Bolus versus Pumpe

Ende August 2012 hat unsere Tochter ihre PEG-Sonde bekommen. Ganz problemlos war der Eingriff nicht, das war aber einer Runde Pech geschuldet und nicht der PEG-Anlage an sich. Die war völlig unkompliziert.

Es hat ein wenig gedauert, bis ich mich daran gewöhnt hatte, nun per Spritze den Bauch meines Mädels zu füllen und nicht mehr indem ich sie sanft im Arm wiege und ihr liebevoll das Fläschchen reiche. Na gut, das war jetzt ohnehin ein wenig euphemistisch. Die Wahrheit sah ja leider anders aus. Ich hab völlig verzweifelt alle zwei Stunden für etwa 20 Minuten versucht, ihr irgendwie etwas einzutrichtern, was flüssig war. Feste Nahrung hatte sie schon komplett verweigert. So schwer es mir fällt das zuzugeben - die Sonde ist ein Segen.

Nun hatte ich mich im Vorfeld ein wenig kundig gemacht, wie das nun wird mit dem Sondieren und habe festgestellt, dass wir wohl ein weiteres, medizinisches Gerät mit viel Zubehör zu Hause haben werden, nämlich eine Ernährungspumpe. Doch weit gefehlt. Bolusgaben haben die Ärzte vorgeschlagen, mit Spritzen.


Zunächst fand ich das total blöd, denn es war beschwerlich, die Nahrung mit der Spritze aufzuziehen und dann langsam die Nahrung einzugeben. Es hat gedauert, bis wir die richtigen Spritzen gefunden hatten, mit denen ich gut zurecht kam, ohne
Schmerzen in den Fingern oder im Arm zu bekommen. Und als die Technik des Sondierens kein Problem mehr war, war ich auch plötzlich versöhnt damit, keine Pumpe bekommen zu haben.

Fast forward: Heute bin ich glühende Verfechterin von Bolusgaben mittels Spritzen. Zum einen würde uns die Pumpe bei der Pürierdiät ohnehin die meiste Zeit streiken. Es gibt eine Möglichkeit, bei einem Pumpenmodell die Tüten zu modifizieren, so dass sie ohne Fehler läuft. Man kann mit ein wenig Modifizierung auch per Schwerkraft sondieren, wenn es etwas dicker ist. Aber das ist nicht der Hauptgrund, warum ich so für Spritzen bin.

Bolusgaben mit Spritzen sind dem natürlichen Essverhalten am ähnlichsten.
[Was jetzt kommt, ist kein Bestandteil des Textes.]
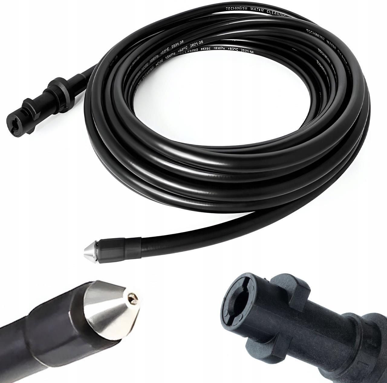 Wąż do czyszczenia kanalizacji 40m Karcher seria K z dyszą 1+3 i taśmą teflonową Długość 40 metrów – maksymalny zasięg działania: Idealny do czyszczenia długich i trudno dostępnych przewodów kanalizacyjnych, odpływów czy rur deszczowych. Dzięki takiej długości wąż z łatwością dociera do miejsc, które są niedostępne dla krótszych modeli. Sprawdzi się zarówno w pracach domowych, jak i profesjonalnych. Uniwersalne złącze Bayonet: Szybkie i szczelne podłączenie do myjek ciśnieniowych Kärcher z serii K (K2, K3, K4, K5, K6, K7). Nie wymaga dodatkowych adapterów, co gwarantuje prostotę obsługi i stabilność podczas pracy. Zaawansowana dysza kanalizacyjna 1+3 – skuteczne i wydajne czyszczenie: Precyzyjny otwór z przodu: Silny, skoncentrowany strumień wody skierowany w przód dyszy umożliwia rozbijanie nawet najbardziej uporczywych zatorów, takich jak tłuszcz, osady wapienne, błoto czy pozostałości organiczne. Trzy otwory z tyłu: Strumienie wody pod kątem skierowane do tyłu generują siłę odpychającą, dzięki której wąż automatycznie „wciąga się” głębiej w rurę. To znacząco redukuje konieczność ręcznego popychania i usprawnia manewrowanie wewnątrz rurociągu. Efekt czyszczenia 360°: Dzięki rozkładowi strumieni woda dokładnie płucze ścianki rur, pozostawiając je czyste i drożne na całej długości. Odporność na intensywną eksploatację: Wąż wykonany z wysokiej jakości materiałów jest odporny na uszkodzenia mechaniczne, wysokie ciśnienie (do 160 bar) oraz działanie chemikaliów stosowanych do czyszczenia. Konstrukcja pozwala na bezpieczne użytkowanie w temperaturach do 60°C. Elastyczny i trwały: Nylonowy oplot zapewnia optymalną elastyczność, pozwalając na swobodne manewrowanie nawet w wąskich i zakrzywionych przestrzeniach rur. Dodatkowe zabezpieczenie tulei przy zakuciu węża chroni przed jego uszkodzeniem podczas intensywnej pracy. Wszechstronne zastosowanie: Idealny do udrażniania kanalizacji, rur drenażowych, instalacji odpływowych oraz usuwania zatorów powstałych w przewodach wodnych. Może być również wykorzystywany do rozkuwania lodu w zamarzniętych rurach. Taśma teflonowa: Szybkie i skuteczne uszczelnienie połączeń gwintowanych. Dzięki niej masz pewność, że instalacja będzie szczelna, bez ryzyka wycieków czy spadków ciśnienia. Specyfikacja: Długość węża: 40 m Ciśnienie maksymalne: 160 bar Temperatura maksymalna: 60°C Przyłącze: Bayonet Kärcher Typ dyszy: 1 z przodu + 3 z tyłu Kompatybilność: Kärcher K2, K3, K4, K5, K6, K7 Niekompatybilny z serią HD i HDS Końcówka węża wyposażona jest w uniwersalny gwint 1/4 cala, co pozwala na łatwe podłączenie różnych adapterów, kompatybilnych z wieloma modelami myjek ciśnieniowych obecnych na rynku. Dzięki temu jeden wąż może stać się wszechstronnym narzędziem do wielu zastosowań! Zaprojektowany z myślą o maksymalnej skuteczności i wygodzie użytkowania, ten wąż do kanalizacji to niezawodne narzędzie, które poradzi sobie nawet z najtrudniejszymi zatorami.

Wenn wir essen, dann nehmen wir einen Bissen in den Mund, kauen gründlich und schlucken. Dann machen die meisten Menschen eine kleine Pause und der Vorgang wiederholt sich, bis der Teller, die Schüssel oder was auch immer man befüllt hat, leer ist.

Genau so ist es, wenn wir trinken. Wir nehmen einen Schluck in den Mund, schlucken ab und warten kurz bis zum nächsten Schluck. Kein Mensch käme auf die Idee, den Mund aufzusperren und ein Getränk einfach hineinlaufen zu lassen und im Dauerbetrieb den Schluckmechanismus zu bemühen. Warum sollte das also einem Menschen zugemutet werden, der mittels Sonde ernährt wird?
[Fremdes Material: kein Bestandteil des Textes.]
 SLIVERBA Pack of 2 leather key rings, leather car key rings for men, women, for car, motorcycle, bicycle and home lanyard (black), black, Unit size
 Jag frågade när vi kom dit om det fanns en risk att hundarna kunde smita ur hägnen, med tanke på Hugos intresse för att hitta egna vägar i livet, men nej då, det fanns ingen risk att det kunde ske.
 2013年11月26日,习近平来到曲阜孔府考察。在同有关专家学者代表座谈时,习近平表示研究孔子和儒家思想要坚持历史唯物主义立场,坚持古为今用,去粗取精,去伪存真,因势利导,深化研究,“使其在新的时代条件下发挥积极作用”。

Ein wenig Nahrung oder Flüssigkeit eingeben, kurz warten und weiter machen, ist eindeutig physiologischer als Dauerbetankung. Kommt eine Hustenatacke oder der Schluckauf dazwischen, kann man auch viel einfacher pausieren, warten bis wieder Ruhe einkehrt und weiter machen, ohne ein Gerät wieder neu starten zu müssen. Eine Pumpe erkennt nicht automatisch, wenn das Gegenüber einen epileptischen Anfall während des Essens hat und kann daher auch nicht von sich aus stoppen. Ich kann das.
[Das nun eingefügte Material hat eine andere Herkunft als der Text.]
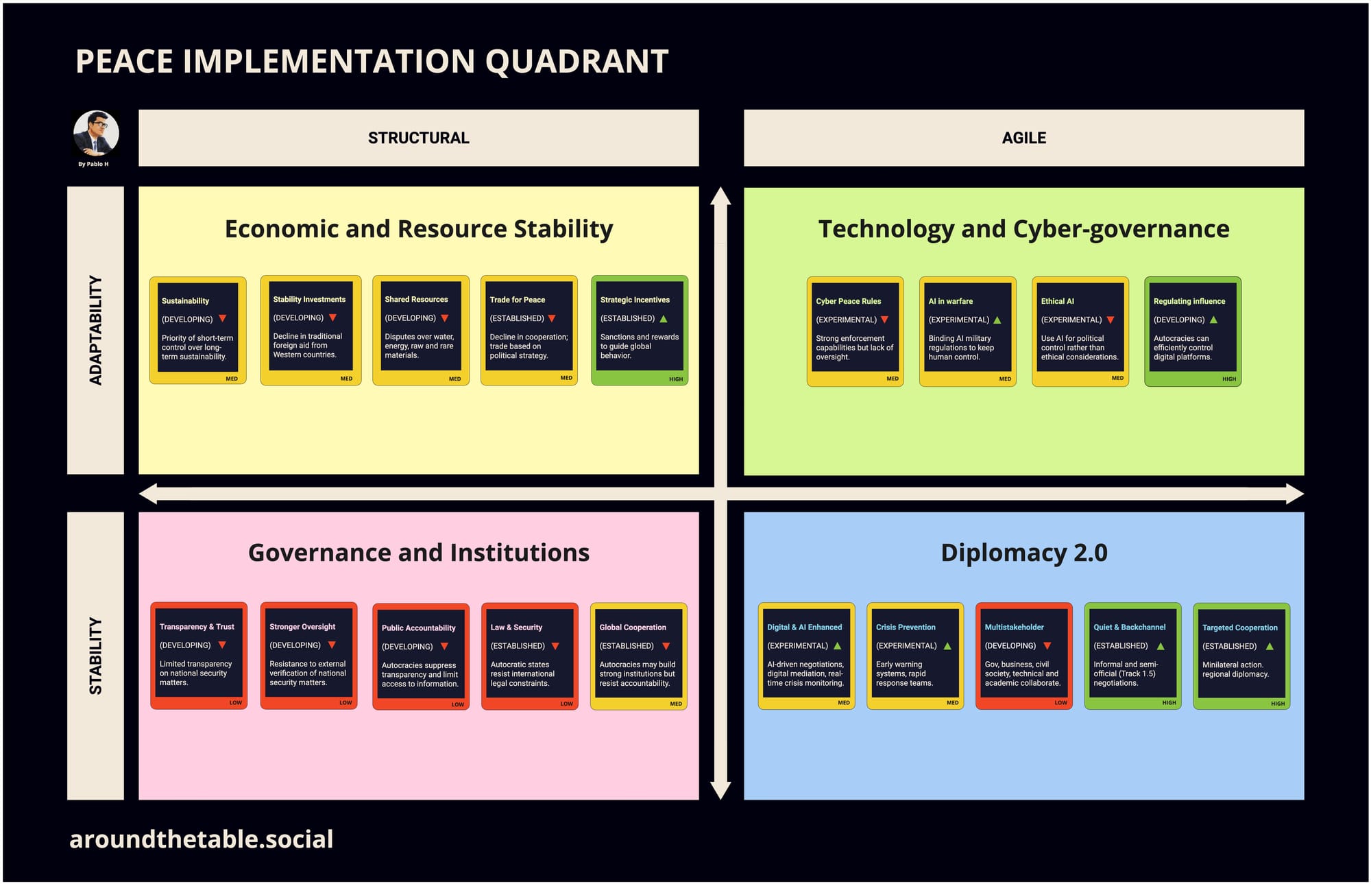 In this post, I introduce a framework called the Peace Implementation Quadrant, designed to sustain peace in a world of shifting power dynamics. By integrating governance, new diplomatic practices, economic stability, and technology policy, this model balances long-term stability with the flexibility needed to navigate evolving threats and opportunities. It offers a proactive approach to countering institutional decline by combining enduring strengths with emerging innovations, such as data-driven diplomacy and cyber governance.

So sondieren wir per Hand und mit Hilfe von Spritzen, am liebsten, wenn wir selber essen, weil das gelebte Inklusion ist. Das Equipment ist auch leicht transportabel, ich muss keinen Akku laden und nicht überlegen, wo ich den Firlefanz hinhänge, ich pack die Spritze aus und los geht es. Küchentücher zum Abwischen nicht vergessen, eventuell auch einen Löffel zum Umrühren und warmen Tee zum Verdünnen. So kann man überall und jederzeit sondieren.

Bei uns eindeutig Bolus, Pumpe brauchen wir nicht.